After quickly fleeing moments worshiping the wonderment before me and the head of his cock, his hands moved from the back of my neck, cupped my ears and raised my head so we were once again looking into each other’s eyes. Total involvement radiated from his eyes. The eternal desire, the infernal desire of nature’s repetitious strength lay in his stare, his glance, and his look. I drank as deeply from his eyes as I drank from his cock. The boldness of our looks transported us. We were alone in the aura of our world. We were the universe experiencing itself in the backseat of that old Chevy, that primitive, that primal, that basic. The best sex is the expression of divinity, the holiness and mystery of the universe. It is the most seductive aspect of Maya, to be overcome in the total consciousness of submission to that desire. Love that desire with such abandonment that caution, will, and even survival are thrown to the winds. That is when one tastes the divinity of tantra, the sacredness of mystery filtered through desire and a devotion to its power.
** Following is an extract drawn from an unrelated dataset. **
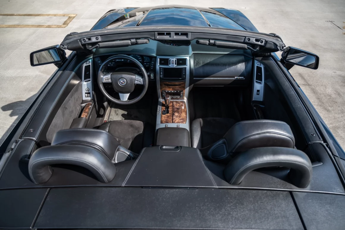 Cette Cadillac XLR-V 2009 a passé son temps aux mains de Naomi Campbell qui n’a pourtant roulé avec elle (et inversement) que 3.900 miles ! La voiture est finie en Black Raven sur cuir ébène et daim. L’équipement comprend un toit rigide rétractable électrique, des jantes multi-rayons polies de 19 pouces, un contrôle magnétique de la conduite, des phares au xénon, des capteurs de stationnement arrière, une entrée sans clé, des sièges avant chauffants et ventilés à réglage électrique, un affichage tête haute, un système audio Bose et la navigation.

When our moment of looking and communion was over, I again turned my head and my mouth to the gift that was in my hands. Like the child who finds total peace and comfort nursing at its mother’s breast, I contentedly and overwhelmingly devoured his strength, his size, and his juices. I opened my jaws to reach, of course, as far down onto the shaft as I was able, but the girth of his cockhead was such that my attempts ended with my jaw distended almost to contortion and I still had only a little more than the head in my mouth. I was able to extend my tongue down a little farther on the underside of his shaft. Again, a shudder and again a shutter through my body in response to his. I held on as gently as I could, working his shaft and containing his head within my mouth, taunting every bit of surface with my tongue and lips. I sucked. I worshiped. I adored.

Again, the hands bring my eyes to his. This time, however, while we are looking into each other’s eyes in a stare of brutal honesty, he slips his hands under my arms and pulls me up on top of him. Without kissing, we snuggle as he covers my naked body with his hands. He caresses me, he strokes me, he fondles me. I wrap my hands behind his broad muscular back. His hands drop to my tail. He squeezes me and rubs me, kneading my thighs, and then back to my tail. He reaches around and rubs his hand all over his saliva-covered balls. His finger then turns gently to beneath my balls and feels its way up to my anus. While pulling my head toward his shoulder with his left hand, he fingers my hole, teasing it, moistening it. I involuntarily push down on his finger. He again moistens the tip of his fingers on his balls and slides his finger to the very opening of my anus. It puckers at his touch; he shakes. He pushes ever so slightly, so softly, so gently. Not only is he a man among men, he is the true lover, the one who gives pleasure with absurdity and care. I welcomed him. I succumbed to his penetration. I could offer no resistance.